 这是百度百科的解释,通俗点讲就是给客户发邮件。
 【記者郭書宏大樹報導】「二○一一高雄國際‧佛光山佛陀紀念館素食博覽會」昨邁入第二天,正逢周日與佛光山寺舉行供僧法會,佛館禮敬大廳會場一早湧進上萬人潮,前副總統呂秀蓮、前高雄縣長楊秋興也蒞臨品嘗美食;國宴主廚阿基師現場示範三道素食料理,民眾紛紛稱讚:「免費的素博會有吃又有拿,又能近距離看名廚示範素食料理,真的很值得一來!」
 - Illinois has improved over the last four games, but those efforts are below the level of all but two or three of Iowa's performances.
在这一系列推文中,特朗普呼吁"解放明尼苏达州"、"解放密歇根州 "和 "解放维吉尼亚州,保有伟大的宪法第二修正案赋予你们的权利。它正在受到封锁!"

What the exercise asks
The expected response is the material above given again line by line, from its first line to the line holding "- Illinois has", inclusive.

Written response
 这是百度百科的解释,通俗点讲就是给客户发邮件。
 【記者郭書宏大樹報導】「二○一一高雄國際‧佛光山佛陀紀念館素食博覽會」昨邁入第二天,正逢周日與佛光山寺舉行供僧法會,佛館禮敬大廳會場一早湧進上萬人潮,前副總統呂秀蓮、前高雄縣長楊秋興也蒞臨品嘗美食;國宴主廚阿基師現場示範三道素食料理,民眾紛紛稱讚:「免費的素博會有吃又有拿,又能近距離看名廚示範素食料理,真的很值得一來!」
 - Illinois has improved over the last four games, but those efforts are below the level of all but two or three of Iowa's performances.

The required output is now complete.